Economic Environment of the Diamond Industry in Mozambique and Tanzania
The Economic Environment of the Diamond Industry
In Mozambique and Tanzania
Both nations of Mozambique and Tanzania are among the poorest globally, with each supported through foreign subsidies and foreign direct investment (FDI) (Tanzania, 2011). The relative levels of poverty however have led to political unrest in Mozambique and diamond smuggling to Zimbabwe, where gems are in high demand in that nations' economy which is rampant with information today
(Latham, Katerere, 2011). Due to the strength of its mining operations in aluminum and abundance of natural resources however, Mozambique's GDP growth rate is expected to reach 8.3% in 2010 according to the CIA Factbook.
Tanzania is the 16th highest ranked producer of diamonds globally, having one of the highest quality of diamonds produced in their mining operations of any on the African continent (Macklem, 2003). Paradoxically however, Tanzania has a negative balance of Payments, far higher Debt ($7.6B) and higher inflated (12% than Mozambique.
Economic Analysis
Both Mozambique and Tanzania are uniquely positioned to continually improve their economies given the support from foreign direct investment (FDI) and investment from multinational corporations (MNCs) in the infrastructure of both nations (Laffin, 2000). Both nations have for years concentrated on Corporate Social Responsibility (CSR) programs that seek to create greater competitiveness in the markets each sells into while also seeking to create greater investments in their respective infrastructures as well (Offenheiser, 2003). The stigma associated with the unethical practices in diamond trading, specifically "dirty" diamonds or those mined using slave labor (Economist, 2000) have in the past drastically reduced demand for Sierra Leone and Tanzania diamonds as well (Macklem, 2003).

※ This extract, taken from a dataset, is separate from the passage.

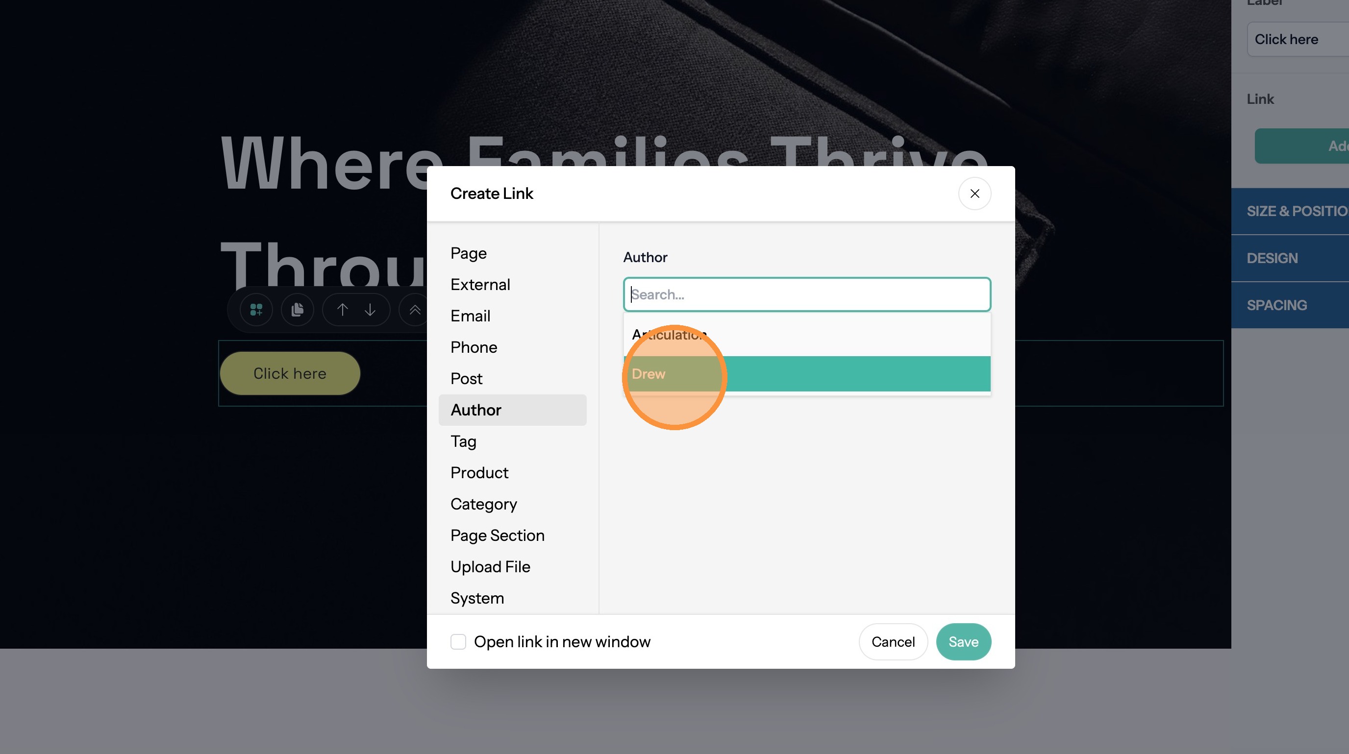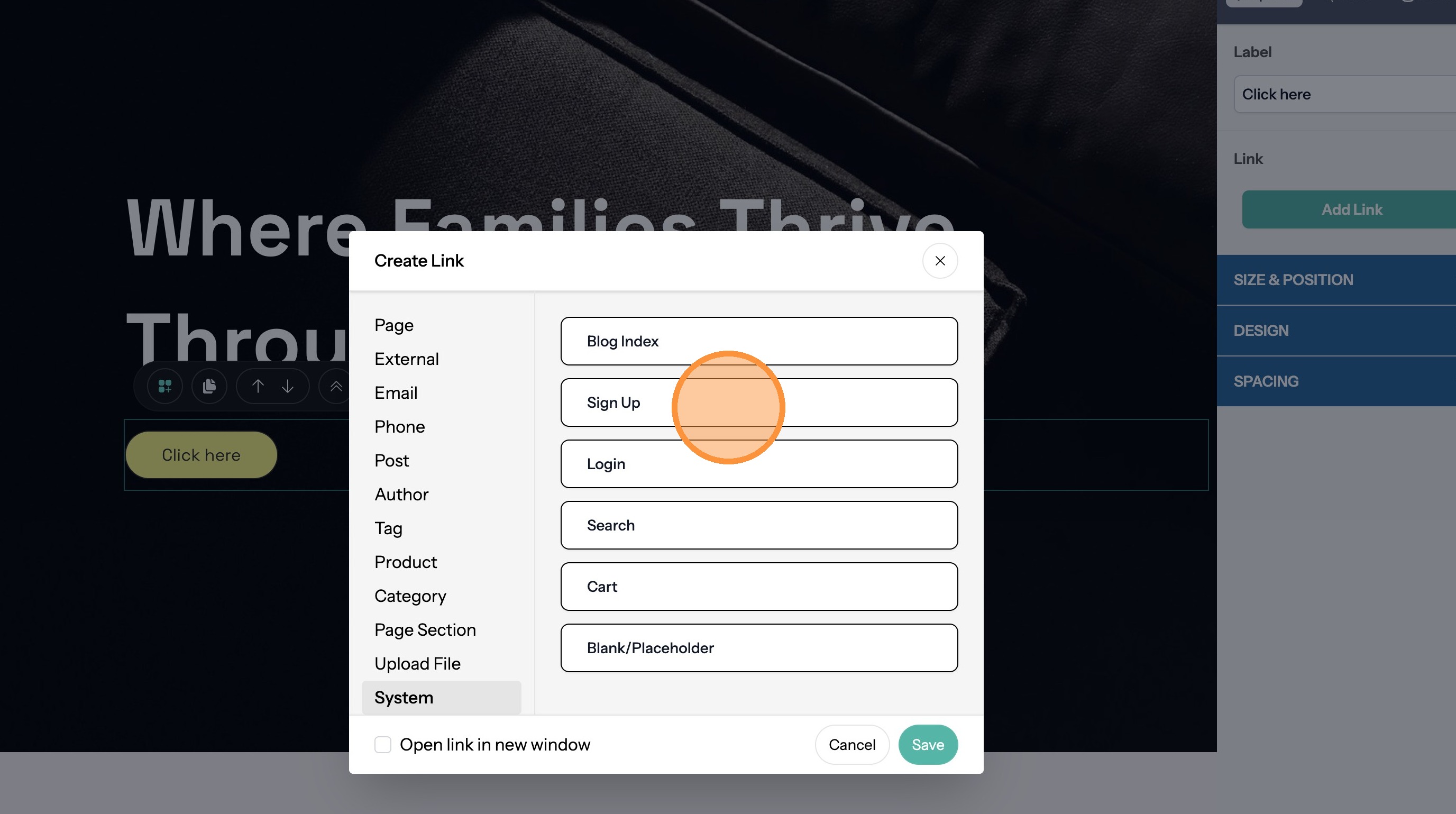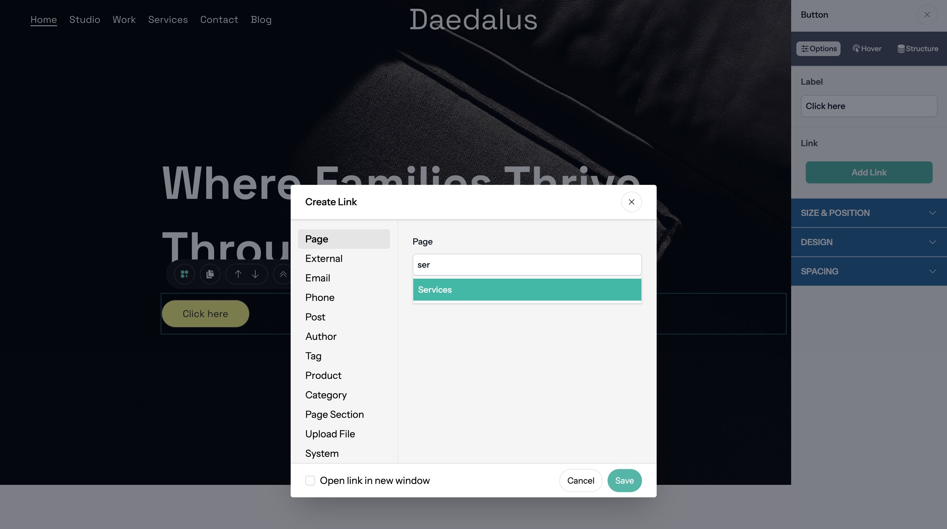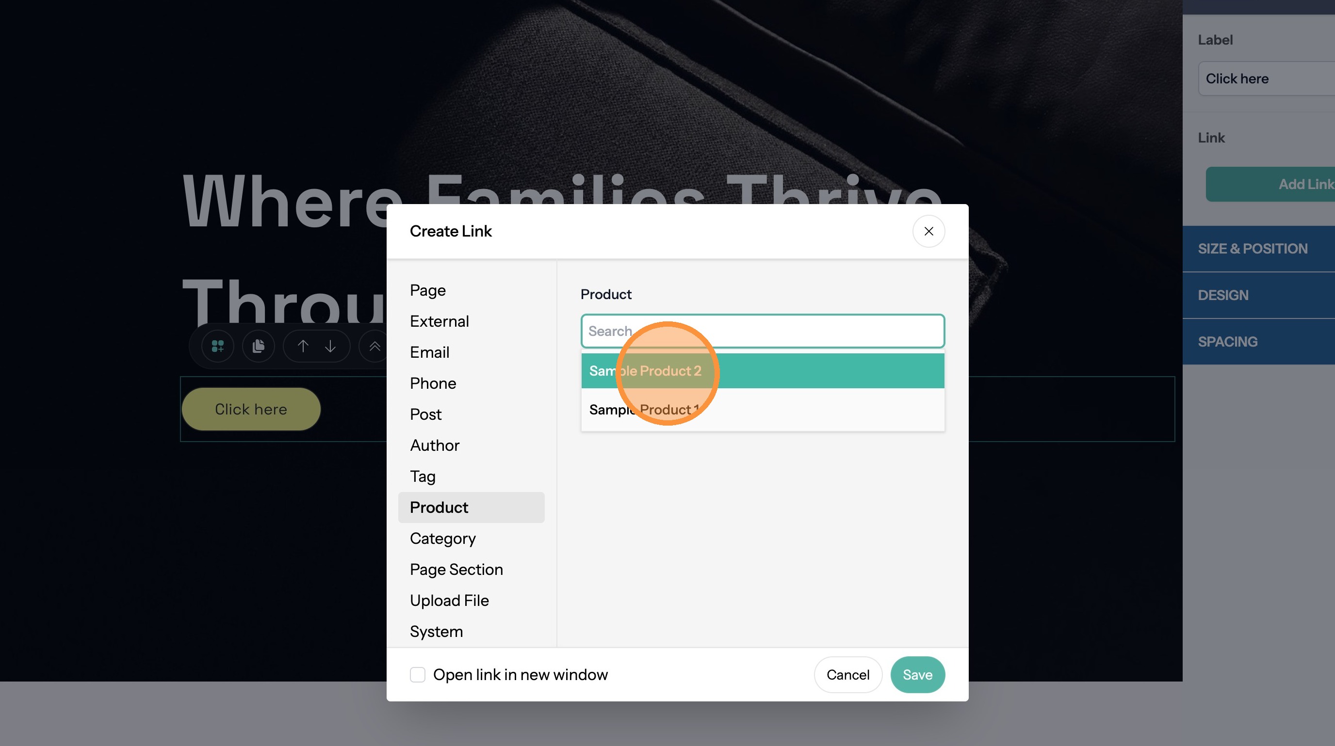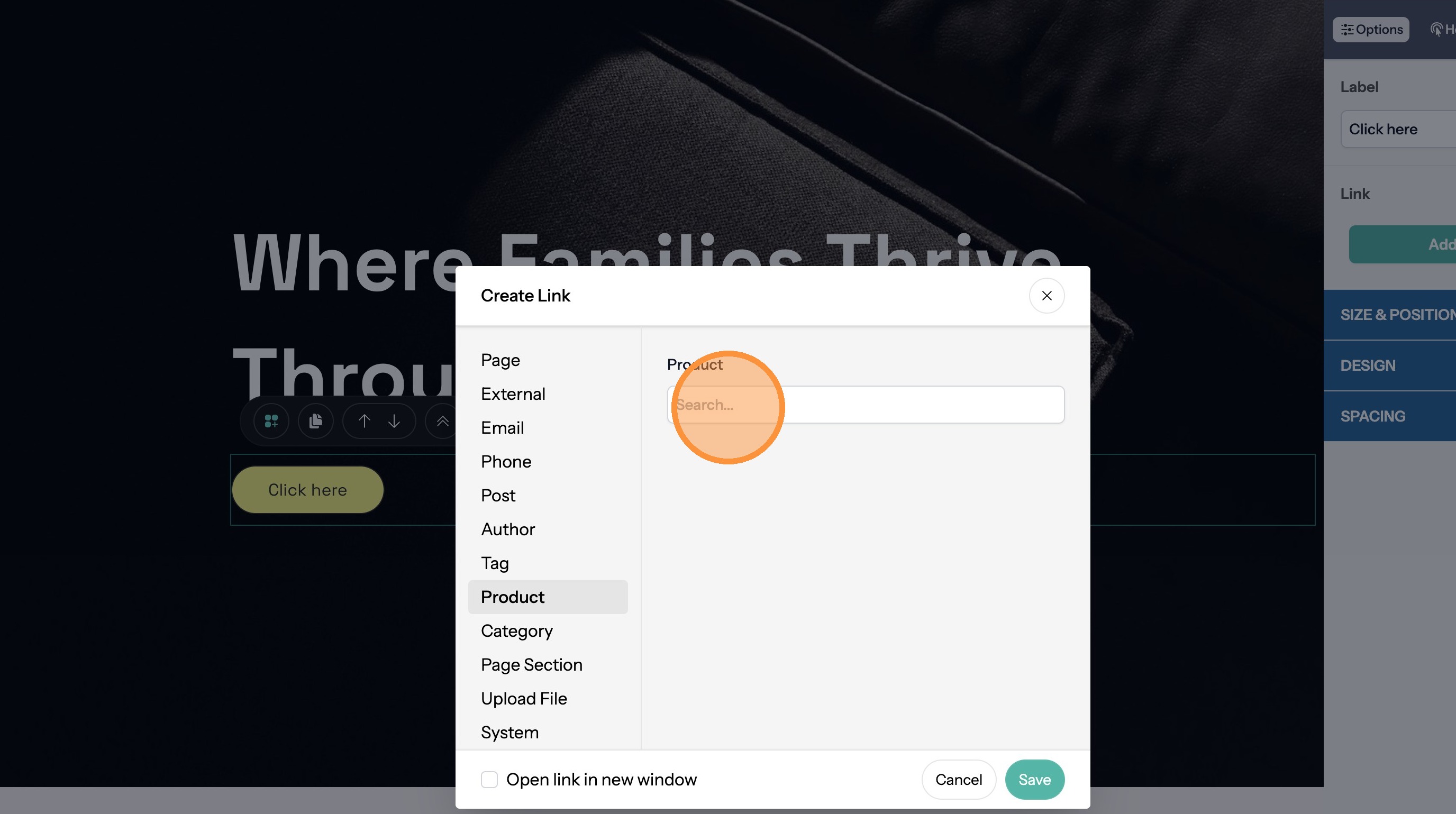 Tip: It's helpful to first name your page sections to make it easier to find the section you want to link to.

The future direction of both economies is predicated on three critical economic goals being attained. Mozambique and Tanzania are reliant on investments from MNCs for their infrastructure, investment in education, and investments in IT systems and platforms to become more knowledge-based and less reliant on natural resources. These three catalysts are critical for the nations to capitalize on their diamond trade (Moldofsdky, 2004). Investing in infrastructure, education, and IT will also create more effective diamond trading networks further accelerating GDP growth and stabilizing inflation (Tanzania, 2011). For both nations to mitigate the risk of turning into a purely commodity-driven economy that must eventually rely on unethical labor to attain its ends (as is the case in Sierra Leone) (Economist, 2000) the judicious and effective management of MNC investment is critical. Table 1, Comparing Mozambique and Tanzania Economic Factors, shows comparisons of economic metrics over time and the forecasted values as based on the CIA Factbook data as the baseline. The political instability of Mozambique is a critical issue today and must be dealt with urgently through MNC-based programs that deliver on CSR-based goals. This has to be the path to this nation to gaining greater stability and economic growth needs to be based on capital investment in infrastructure, education and long-term investments in IT for the diamond industry to have a strong network to trade within.